1. How does Shelley’s poem,differ from Wordsworth’s ‘To the Skylark”?
2. Shelley calls his bird “blithe spirit” whereas Wordsworth calls his bird “Ethereal minstrel.” Can you imagine why this difference is there
3. While Shelley’s skylark is the scomer of the ground, Wordsworth’s bird is “type of the wise who soar, but never roam.” Can you say why?
4. Discuss the central idea of both the poems.
5. Are there any similar expressions between the two poems? Point them out.

B. Wordsworth calls his poem on the Skylark an “ode” while Shelley’s is known to be a lyric. What is the difference between an ode and a lyric? Explain with reasons.

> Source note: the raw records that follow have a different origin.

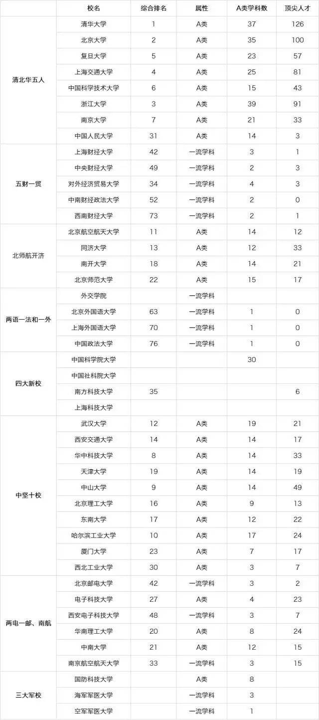 另外除了清北华五人了之外,中坚十校、四大新校以及三大军校也都是还不错的,实力非凡,不仅有着一流的建设,而且学术氛围好、平台高,未来发展潜力大。
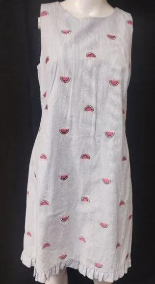 Offers a sleeveless knee length styled shift dress with striped design and watermelon embroidery. Ma... Show more
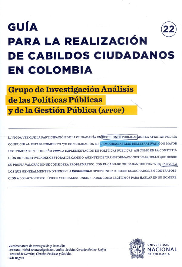 El Cabildo Ciudadano es la primera aplicaci?n y adaptaci?nen Colombia de las Conferencias de Consenso, metodolog?a participativaampliamente usada en el mundo. La gu?a es resultado de la experiencia adquiridacon la ejecuci?n del proyecto ?Prototipo de metodolog?a de participaci?n en pol?ticapublica: conferencia ciudadana en eutanasia infantil (ni?os, ni?as yadolescentes)? (2019-2020). Encontrar? en esta gu?a los fundamentos te?ricos,las innovacion...
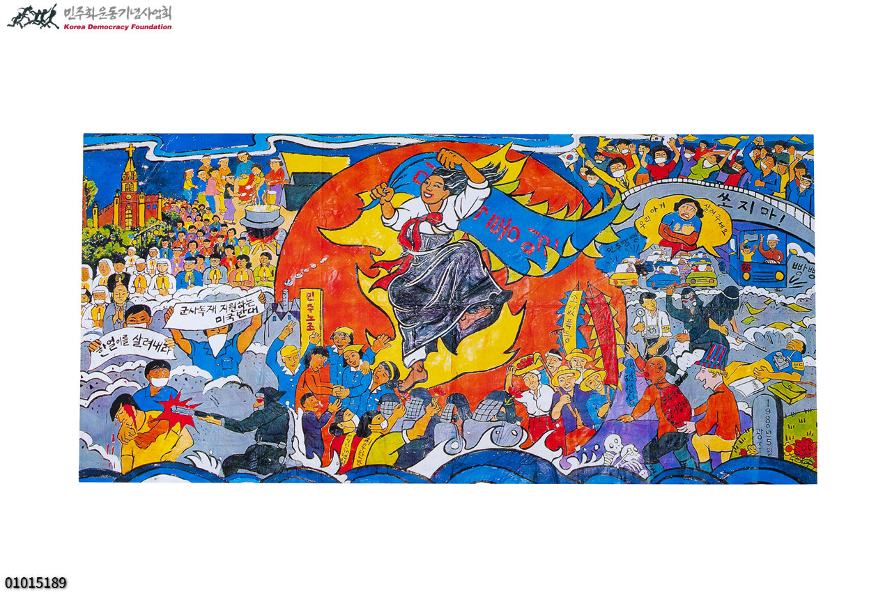 - 1987년 6월항쟁의 승리를 기리고 민주화 투쟁의 의지를 하나로 묶기 위해 한국여성단체연합(여성연합)은 1987년 7월 8일~11일 기간 동안 명동성당에서 민주시민대동제를 개최하였다. 당시 민족미술인협회(민미협) 산하 여성미술분과 회원 김인순, 윤석남, 김종례, 구선희, 정정엽, 최경숙은 시민들과 함께 걸개그림을 공동제작하였는데 이 그림은 당시의 걸개그림을 추후 전시용 판넬로 다시 제작한 것이다
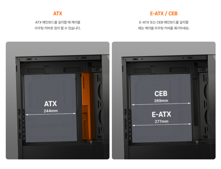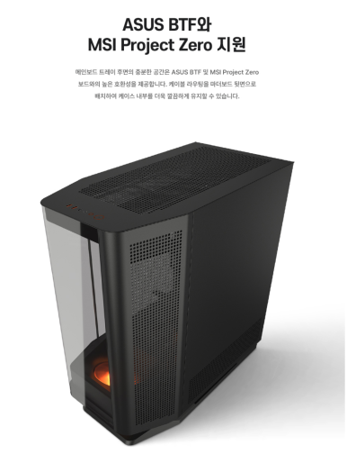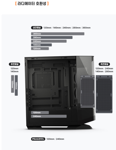 E-ATX까지 장착가능하고 쿨링팬은 하나 지원합니다. 크기가 큰 만큼 얼추 다 들어갑니다. 호환 생각없이 하셔도 됩니다. 그래픽은 420mm까지
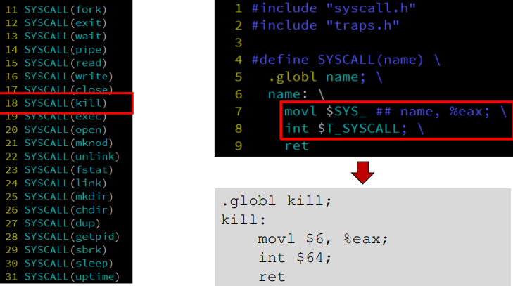 usys.S 에 들어가보면 여러가지 시스템콜들이 define 되어있는 걸 볼 수 있는데, kill은 오른쪽과 같은 과정을 거쳐 정의된다. 잘 보면 movl $6 으로 바뀐 것을 볼 수 있는데 이건 도대체 어떻게 된 것인지 살펴보자.

  1. Shelley’s poem differs from that of Wordsworth’s ‘To the
    Skylark’, in the sense that Shelley’s Skylark is an unbodied spirit whereas Wordsworth’s Skylark is an ethereal minstrel.
  2. This difference is meant for showing two different ideas, one is heavenly and the other is earthly.
  3. It is so because Shelley’s bird differs from human being. It has no vices of human nature. But Wordsworth’s bird is an earthly creature who goes to visit the sky in imagination.
  4. The central idea of Shelley’s poem is to highlight the weaknesses of human being and the nature’s bliss. Wordsworth in his poem , highlights the high flight of the imagination of human beings. To some extent both the poems are similar.
  5. The similar expressions between the two poems are that they express poets attitude towards human weakness and its solution.
  6. Wordsworth’s poem is an ore while Shelly’s is a lyric. Ode is a poem that speaks to a person or thing or celebrates special events which while lyric is a poem which expression the poet’s personal feeling and thought.

Writing Activity

(A) Write out the most striking features of the poem ‘To a skylark’ by Shelly based on your discussions in the groups.
“To a Skylark’ is one of the greatest poems of English literature. It is written by P.B.-Shellev. Welcoming the skylark the poet says that it is not simply a bird but a carefree light-hearted bird which has been never seen before. It pours its copious and plentiful natural spontaneous musical notes direct from heaven. It goes higher and higher springing from the earth like a cloud of fire. Its singing soars and soars all around as a wave. It is floating and running like an unbodied joy in the midst of golden lightening of the setting sun over which the clouds are brightening.

Everything pale or purple which signifies sadness melts around its flight. The skylark like the heaven star is invisible in day but still its joyful musical note is audible. It is keen like the arrows of the moon whose intense light comes closer in the while clear dawn. Though we see its hardly, we feel its presence somewhere around there. Its voice overpowers all over the earth and air in the lonely night from the lonely cloud. Its musical delight overflows.